Russia needs a strong state power and must have it. I am not calling for totalitarianism. History proves all dictatorships, all authoritarian forms of government are transient. Only democratic systems are intransient. Whatever the shortcomings, mankind has not devised anything superior. A strong state power in Russia is a democratic, law-based, workable federative state.
A significant part of his state building effort was shaped by forging a narrative about Russia and its place in the world, which resonated with many Russians who suffered through the decade of the 1990s, and its chaos and wanted a more stable environment.
And Putin’s state would deliver both enhanced stability and an improved way of life than the one experienced during the Wild West period of the 1990s.
The Putin narrative has evolved over time, and he has leveraged global events to shape what he sees as Russia’s new destiny.
Over his time in power, the West has gone from being selectively attractive to becoming a force to interact with and to be reshaped as he is reshaping Russia itself.
He is not so much anti-Western as seeking ways to shape the West to become a more commodious partner in Russia’s return to the world stage.
Because he is judo master, not a chess master, he has played off of opportunities to work towards these objectives, rather than following some sort of master plan.
Putin’s clearly identified sense that the Russian state should speak for Russians is one of the most challenging parts of the Putin narrative.
He argued that the collapse of the Soviet Union meant that Russians were living in the Soviet Union one day and woke up the next living in another country.
As Kimberly Marten noted in an article published on March 19, 2014 with regard to this aspect of the evolving Putin narrative:
There are two ways to talk about a Russian person or thing in the Russian language.

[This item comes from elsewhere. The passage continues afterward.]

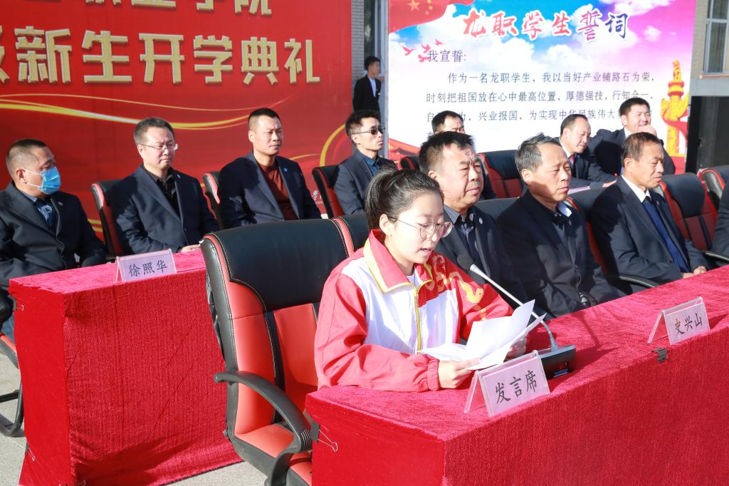 食品药品学院药品经营2020-02班学生李美林作为新生代表发言,她号召全体新同学掌握正确的学习方法,为终生学习做好准备。厚植优秀的道德修养,营造团结友爱的氛围。砥砺品格,博学笃志,发奋图强,就像“龙职精神”那样——自强有为,兴业报国。
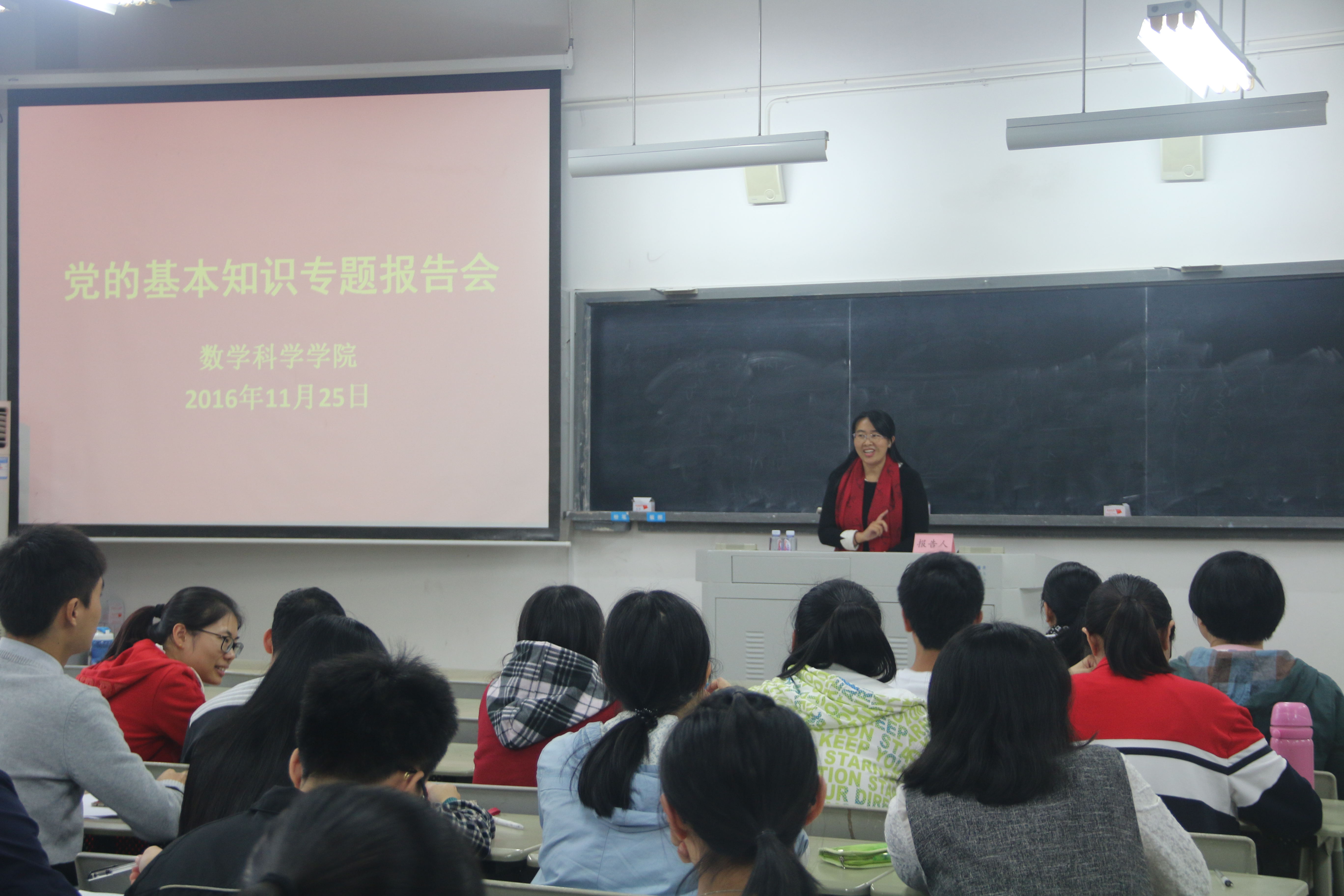 11月25日下午,星空(中国)在海韵教学楼201教室举办党的基本知识专题报告会,校党委组织部副部长廖志丹以《践行“两学一做”,争做时代先锋》为题作报告。星空(中国)党委副书记刘宁主持报告会,全院学生党员、入党积极分子、教师党员代表一百四十余人到场听取报告。

One way, “Rossisskii,” refers to Russian citizens and the Russian state. Someone who is ethnically Chechen, Tatar, or Ukrainian can be “Rossisskii” if they carry a Russian passport and live on Russian territory.
Up until now (i.e., prior to the seizure of Crimea) that is how Russian President Vladimir Putin has always referred to the Russian people….. That all changed on Tuesday. In his Kremlin speech to the two houses of the Russian parliament, Putin made a fateful choice. Instead of sticking to the word “Rossisskii,” he slipped into using “Russkii,” the way to refer in the Russian language to someone who is ethnically Russian. Putin said, “Crimea is primordial “Russkaya” land, and Sevastapol is a “Russkii” city.” He went on to say, “Kiev is the mother of “Russkie” cities,” in a reference to the ancient city of Kievan Rus’….
When speaking of the collapse of the Soviet Union, Putin added, “Millions of ‘Russkii’ went to sleep in one country and woke up in another, instantly finding themselves ethnic minorities in former Soviet republics, and the ‘Russkii’ people became one of the largest, if not the largest, divided nation in the world.”
Putin thereby signaled a crucial turning point in his regime. He is no longer simply a Russian statist, an old KGB man who wants to recapture Soviet glory…. Instead Putin has become a Russian ethnic nationalist.
Given the legacy of Hitler with regard to a similar perspecitve, which asserted that the Third Reich should speak for all Germans, it is not surprising that the new European states such as the Baltic states or Poland, would find such a statement very disturbing.
And when followed up by the actions in Chechnya, Georgia and Ukraine, this perspective seems more than a bullet point in a briefing.
Clearly, the Orange Revolution in Ukraine and the prospects for Ukraine to become a member of the European Union and even perhaps NATO was a flash point for Putin where the new narrative of the Russian nation was to be joined by the action of seizing the Crimea and “returning” it to Russia, or in this case, the new Russian republic.
Put in another way, the narrative about Russia and its legitimate rights to shape its own ethnic destiny and its role as a Euro-Asian power was backed by actions. And the seizure of Crimea, was very popular in Russia to say the least.
But what are the prospects for Russian going forward as this narrative is adapted or replaced by Putin’s successors?
Contained within Putinism are the seeds of its own destruction.
Although a nationalist, Putin is cautious.
But will his successor be as cautious is he, or will he shape a more directly aggressive approach to the West?
Alternatively, will his successor recognize the weaknesses of Russia and seek to seek to work with those states and societies in the West which would help Russia out of its economic dilemmas in return for well what exactly?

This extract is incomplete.